– Mix the Miss Susta vegan meat mix with the sunflower oil and cold water to a homogeneous vegan minced meat mixture.
– Preheat the oven to 220 ºC. Wash the aubergines and peel the aubergines partly lengthways with a vegetable peeler. After each strip without peel, leave a strip with peel and cut them to the middle along the length. Prick some holes all around and brush the aubergines with oil. Place them on baking paper in the oven and roast the aubergines for about 45 minutes. The aubergines are done if you can poke them with a knife without difficulty (choose the thickest part).
– Meanwhile, cross the two tomatoes and blanche them briefly in boiling water. Finely chop the onion and fry in oil in a fry pan. Finely chop one green pepper and add it to the onion.
– When the onion looks translucent, add the vegan minced mixture and fry it loose.
– Meanwhile, skin the two tomatoes and cut them into cubes. Finely chop the garlic and add it to the minced meat mixture in the pan. Let it all simmer gently on a low heat until most of the moisture from the tomatoes has evaporated.
– Then turn off the heat and add pepper, cumin and three quarters of the chopped parsley.
– When the aubergines are done, take them out of the oven and place them in an oven dish. Cut each aubergine open lengthwise to slightly over the middle and press open a little further with the help of a spoon. Now spoon 1/4 part of the ground beef mixture into each eggplant.

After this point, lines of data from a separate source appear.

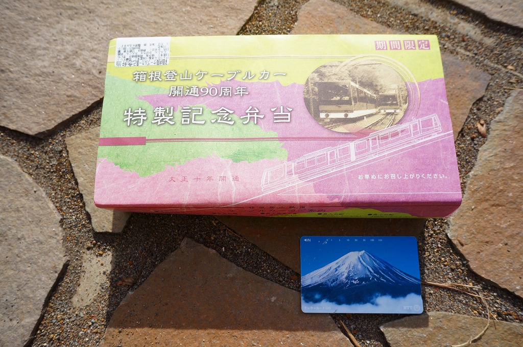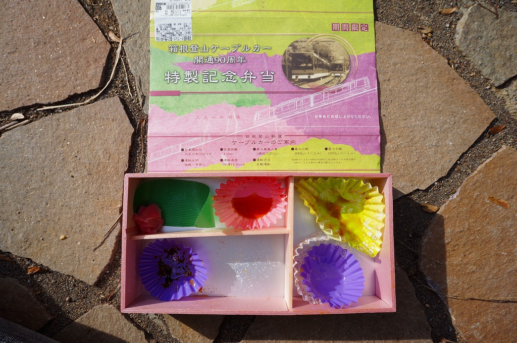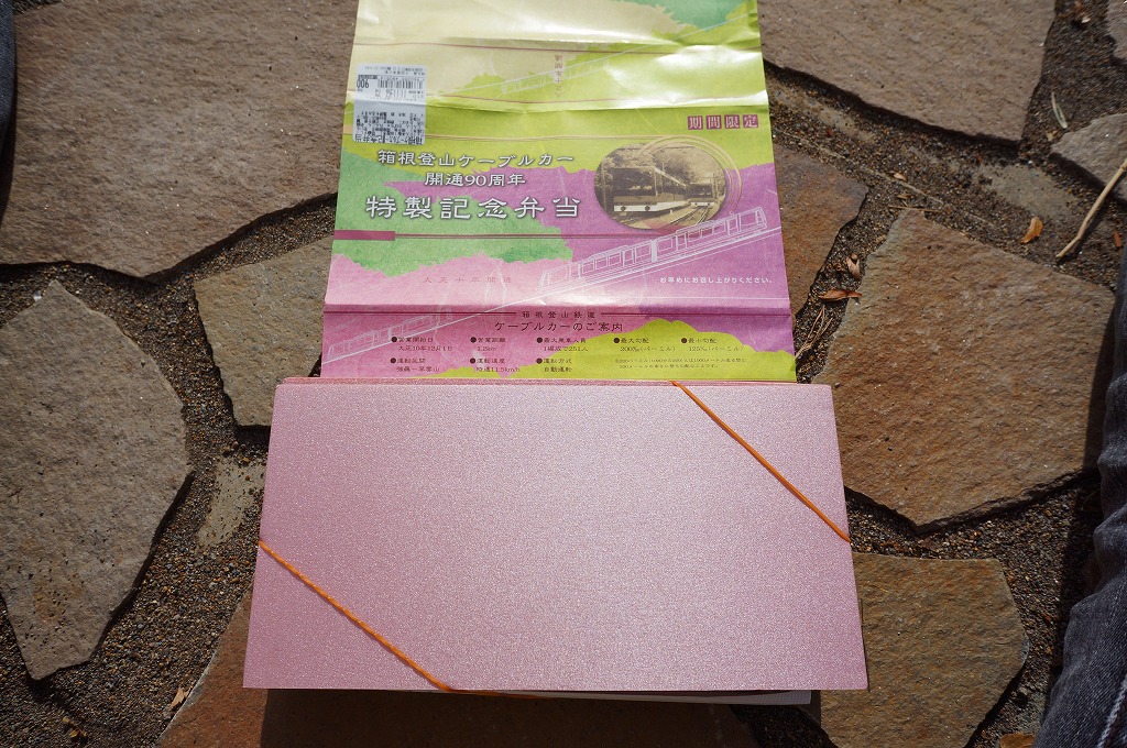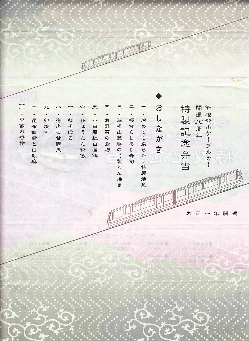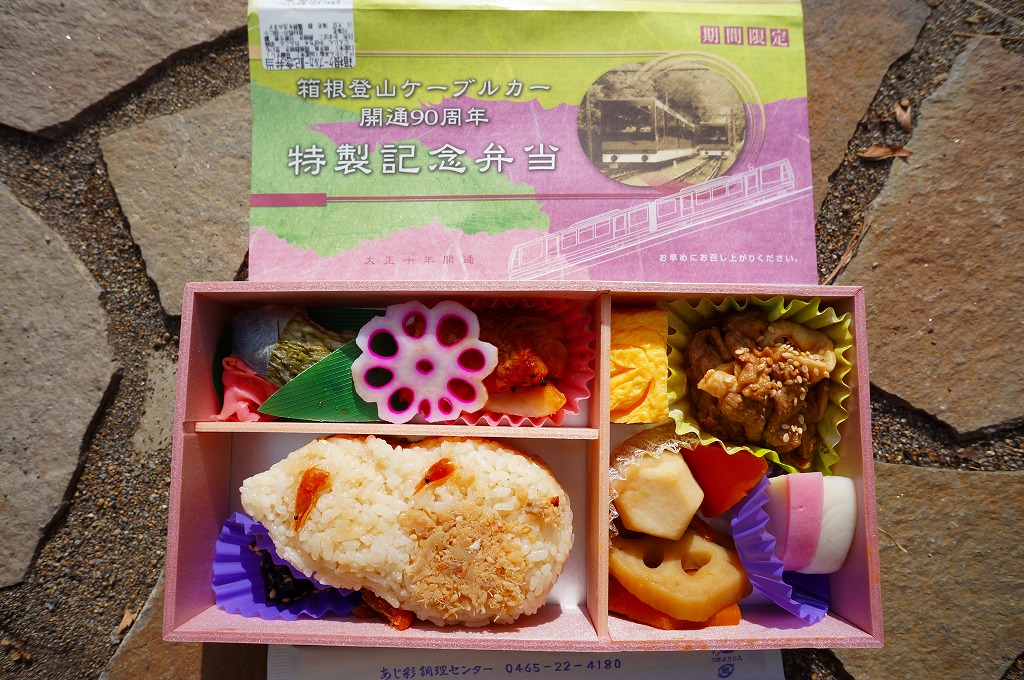 箱根登山ケーブルカーの開通90周年を記念し、時期は分からないが箱根湯本駅で期間限定で販売された記念駅弁で、調製元は小田原駅の改札外に駅弁を出す弁当屋。ピンク色の容器を、ケーブルカーの写真や図面や概要を記した掛紙で包む。中身はひょうたん型の茶飯、アジ寿司、赤魚の煮付け、紅白のかまぼこ、サトイモやニンジンなどの煮物、玉子焼、豚焼肉など。中身とケーブルカーとの関係は不明だが、豊富な分量で腹には満足。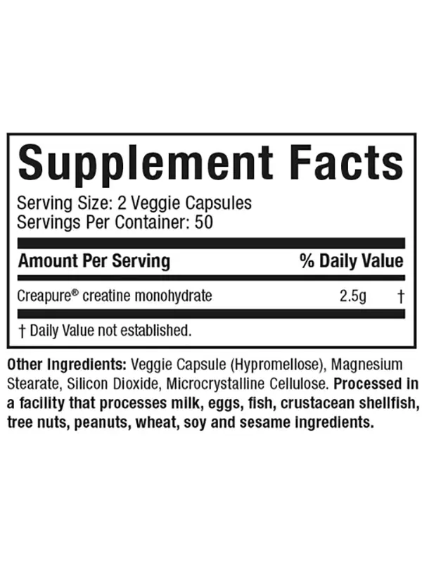 Es un suplemento elaborado con creatina monohidratada pura, presentado en cápsulas de rápida absorción. Su fórmula respalda el desarrollo muscular, la fuerza y la resistencia, facilitando su consumo en cualquier momento del día como una opción cómoda y efectiva.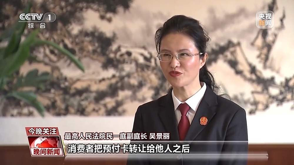 最高人民法院民一庭副庭长 吴景丽:消费者把预付卡转让给他人之后,只要通知了商家,这种转让行为就是有效的。受让人不仅可以享受原消费者相应的权利,还可以要求商家进行更改名称或者密码,这样就解决了转卡难的问题。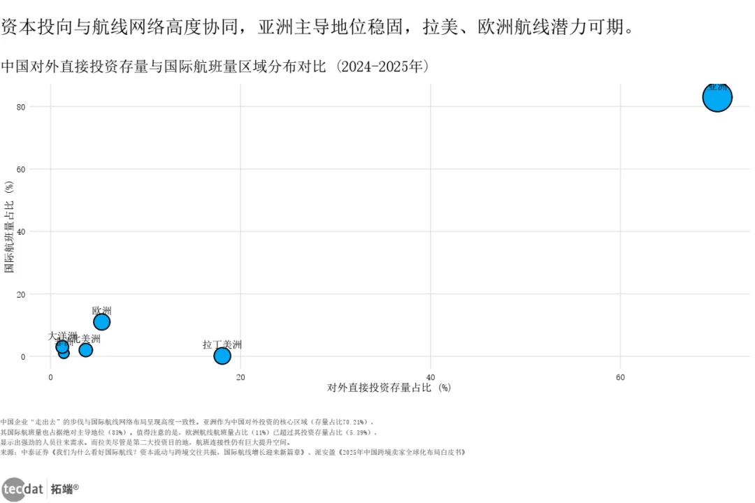 资本与人员流动协同:亚洲占对外投资70%、航班83%;欧洲航班占比11%已超投资占比5.4%,人员往来需求强劲。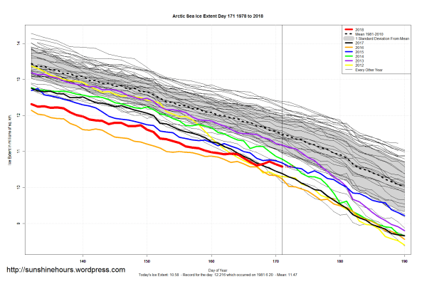 Sea Ice Extent (Global Antarctic and Arctic) – Day 171 – 2018

– Stir tomato paste with 200 ml of hot water and pour this into the oven dish.
– Cover the dish with aluminium foil.
– Place the dishes into the preheated 220 ºC oven. Let the dish cook for 20 minutes: then remove the aluminium foil and allow the stuffed aubergines to get a nice colour, approx. 10 minutes.
– Before serving, sprinkle with the remaining chopped parsley.
Delicious with rice (or pilau) and tzatziki.